Такова история жизни этого бедного идиота, подумал Монет.

Сначала он не мог решить — спит его пассажир или обозревает окрестности. Потом он заметил, что голова хичхайкера слегка наклонилась вниз и по тому, как от его дыхания запотевало стекло на стороне пассажира, он решил, что, вероятнее всего, тот дремлет. А почему бы и нет? Скучнее главной магистрали Мэна в южной части Огасты, была главная магистраль Мэна в южной части Огасты во время холодного весеннего дождя.

В отделении, рядом с переключателем скоростей, у Монета были и другие диски, но вместо того, чтобы начать рыться в них, он выключил звук. После того как он проехал пункт сбора пошлины за пользование дорогой в Гардинере, не останавливаясь, а только замедлив ход, благодаря чудесной электронной карточке Е-Z-Pass для оплаты пошлины, он начал разговор.

3

Монет сделал паузу и посмотрел на часы. Было без пятнадцати двенадцать и священник сказал, что его ждут к ланчу. Точнее ланч ему принесут.

— Отец, прошу меня извинить, за то, что отнял у вас так много времени.

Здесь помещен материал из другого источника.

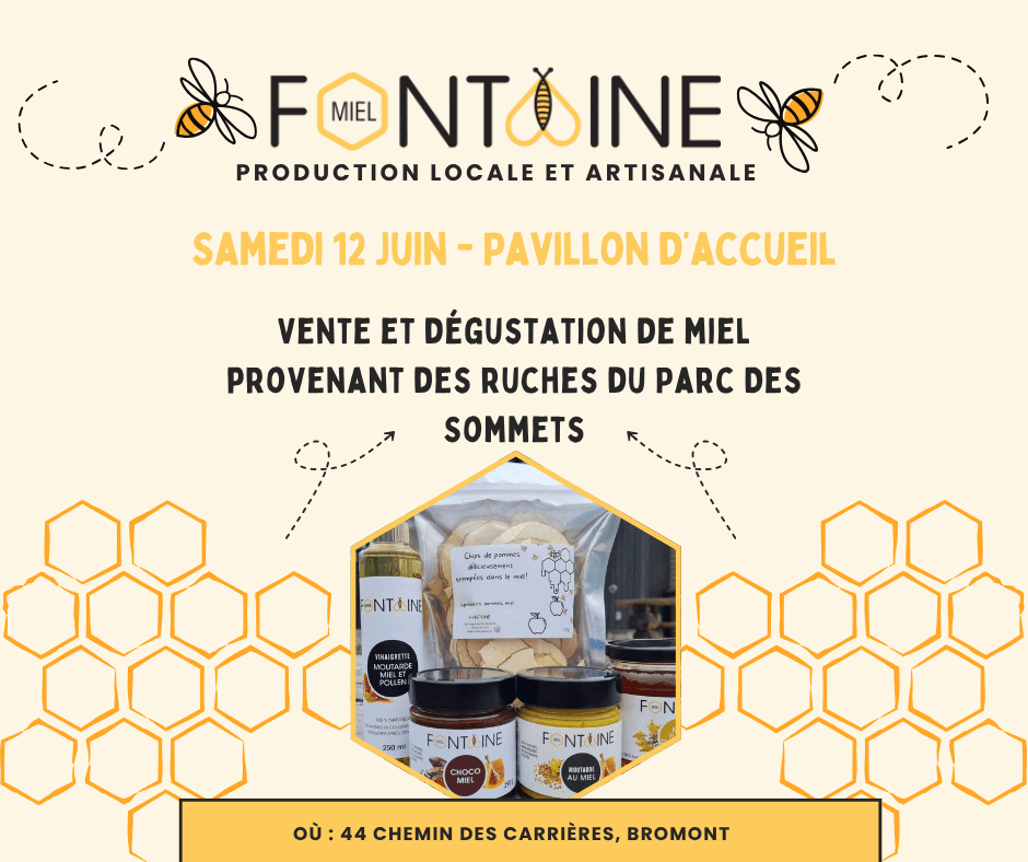 Une vente et dégustation de miel est organisé samedi le 12 juillet prochain, en collaboration avec Miel Fontaine, au pavillon d’accueil. Venez découvrir les produits de cette entreprise locale!

Если бы я мог, я бы постарался рассказать все побыстрее, но я так не умею.

— Все в порядке, сын мой.

— Но ваш ланч…

— Подождет, ради Божьего дела. Сын мой, этот человек ограбил тебя?

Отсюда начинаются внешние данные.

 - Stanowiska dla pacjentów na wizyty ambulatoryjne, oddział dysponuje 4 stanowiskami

— Нет, — ответил Монет. Но если вы — о моем душевном покое, то — да, я лишился его с помощью этого человека.

— Абсурднее ничего не может быть. Что же он сделал?

— Ничего. Он просто смотрел в окно. Я думал, что он дремлет, но позже у меня появились основания полагать, что я ошибался.

— А ты что делал?

— Рассказывал о своей жене, — сказал Монет. Потом он остановился и задумался.

— Нет, не так. Я выпускал пар, разглагольствовал и поливал ее помоями…видите ли…Я… В нем происходила какая-то внутренняя борьба, его губы были плотно сжаты, а взгляд был устремлен на сомкнутые в огромный кулак руки, который он зажал между ног. Наконец он выпалил: " Понимаете, он был глухонемой? Я мог говорить все, что угодно, без последующих оценок, мнений и мудрых советов с его стороны. Он был глух и нем; черт, я думал, что он еще и спит и поэтому я могу нести всякую гребаную околесицу.

В кабинке, с приколотым к стене листком, Монет поморщился, вспоминая.

— Простите, Отец.

— Что именно ты о ней говорил? — спросил священник.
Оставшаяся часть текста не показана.